Faraday's Law and Lenz's Law

Faraday’s Law

A changing magnetic field induces an electric field.

$$ \nabla \times \mathbf{E} = -\dfrac{\partial \mathbf{B}}{\partial t} $$

Explanation1

In 1831, Faraday announced the results of experiments as follows:

  1. A wire loop placed in a magnetic field was pulled to the right. A current flowed through the loop.
  2. With the wire loop fixed in the magnetic field, a magnet was pushed to the left. A current flowed through the loop.
  3. Keeping the wire loop and the magnet stationary, the current flowing through the coil, which was used as an electromagnet, was changed to alter the strength of the magnetic field. A current flowed through the loop.

1. is about electromotive force due to motion. Considering the movement of the wire loop and the magnet, the content of 2. is essentially no different from 1. Thus, in the scenarios of 1. and 2., an electromotive force is generated as below, causing a current to flow.

$$ \begin{equation} \mathcal{E} = -\dfrac{d \Phi}{d t} \label{1} \end{equation} $$

As such, when the loop (or magnet) moves, magnetic forces create electromotive force, but it’s a different story when the wire and the magnet are stationary as in 3.. However, all three experiments showed the same result, and a common explanation was necessary.
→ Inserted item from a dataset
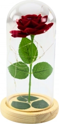 Táto večná červená ruža verne napodobňuje skutočný kvet a vďaka sklenej kupole si udrží svoj nadčasový vzhľad bez prachu a údržby. Teplé LED podsvietenie podčiarkuje krásu aranžmánu a premení váš domov na útulné a romantické miesto.

Thus, Faraday thought that “a changing magnetic field induces an electric field”. That is, a change in magnetic field flux through the wire causes a current to flow. The magnetic flux passing through the wire loop changes in all three experiments.
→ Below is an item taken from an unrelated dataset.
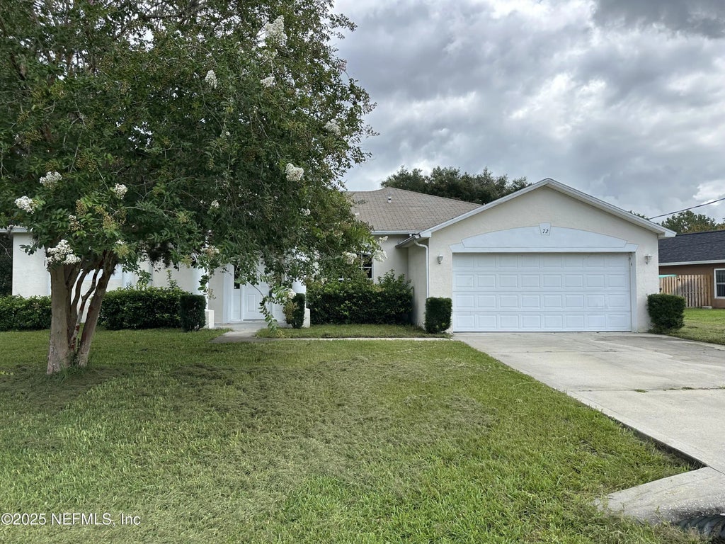 This beautifully maintained block and stucco home combines comfort, style, and convenience. Nestled in a peaceful neighborhood yet just minutes from shopping, dining, and the interstate, it offers the best of both worlds: tranquility and accessibility. Inside, the open floor plan is designed for both everyday living and entertaining, featuring three spacious bedrooms and two full baths, including a private owner's suite with a serene view of the backyard woods. The secondary bedrooms are generously sized, providing flexibility for guests, family, or a home office. The kitchen serves as the heart of the home with an island, ample counter space, and wood cabinetry, opening seamlessly to the dining area and family room. Multiple living spaces, including a formal living room, family room, and separate dining area, provide options for gathering or privacy, while neutral tones and abundant natural light create a warm, inviting atmosphere. A covered lanai overlooks a private backyard that backs up to the woods, offering extra peace and privacy for morning coffee or evening relaxation. With a split bedroom design, large driveway, and two-car garage, this home is move-in ready and offers a balance of space, privacy, and convenience that is hard to find.

In 1. 2. 3., the cause of the change in the magnetic field is different. However, the same result can be obtained. Therefore, whenever the magnetic flux passing through the loop changes, regardless of the reason, an electromotive force like $(1)$ is always generated in the loop. The direction of the current flowing through the loop is determined by the following rule:

Nature abhors a change in flux.

This is called Lenz’s law. Simply put, if the flux inside the loop increases, a current flows in a direction to decrease the flux, and if the flux inside the loop decreases, a current flows in a direction to increase the flux. The current flowing to increase (decrease) the flux in the loop again decreases (increases) the loop’s flux. It seems as if the current flows to reduce the change in flux. This can be understood as inertia in electromagnetism.

Induction

The electromotive force is $\mathcal{E} = \displaystyle \oint \mathbf{E} \cdot d\mathbf{l}$, and according to the results of the experiment, if this is equal to the rate of change of the magnetic flux, the following equation holds:

$$ \oint \mathbf{E} \cdot d\mathbf{l} = -\dfrac{d \Phi}{dt} $$

By the definition of flux, substituting $\displaystyle \Phi=\int \mathbf{B} \cdot d\mathbf{a}$ gives

$$ \oint \mathbf{E} \cdot d\mathbf{l} = -\int \dfrac{\partial \mathbf{B}} {\partial t} \cdot d \mathbf{a} $$

The above equation is called Faraday’s Law in integral form.

Stokes’ Theorem

$$ \int_{\mathcal{S}} (\nabla \times \mathbf{v} )\cdot d\mathbf{a} = \oint_{\mathcal{P}} \mathbf{v} \cdot d\mathbf{l} $$

Applying Stokes’ Theorem to the left side of Faraday’s Law in integral form gives the equation below.

$$ \int (\nabla \times \mathbf{E}) \cdot d\mathbf{a} = \oint \mathbf{E} \cdot d\mathbf{l} = -\int \dfrac{\partial \mathbf{B}} {\partial t} \cdot d \mathbf{a} $$

Therefore, the differential form of Faraday’s Law can be derived as follows.

$$ \nabla \times \mathbf{E} = -\dfrac{\partial \mathbf{B}}{\partial t} $$

If the magnetic field $\mathbf{B}$ is constant, then $\dfrac{\partial \mathbf{B}}{\partial t} = \mathbf{0}$. This matches the result from electrostatics that the curl of the electric field is $\mathbf{0}$.

$$ \nabla \times \mathbf{E} = \mathbf{0} $$


  1. David J. Griffiths, Introduction to Electrodynamics (4th Edition, 2014), p334-338 ↩︎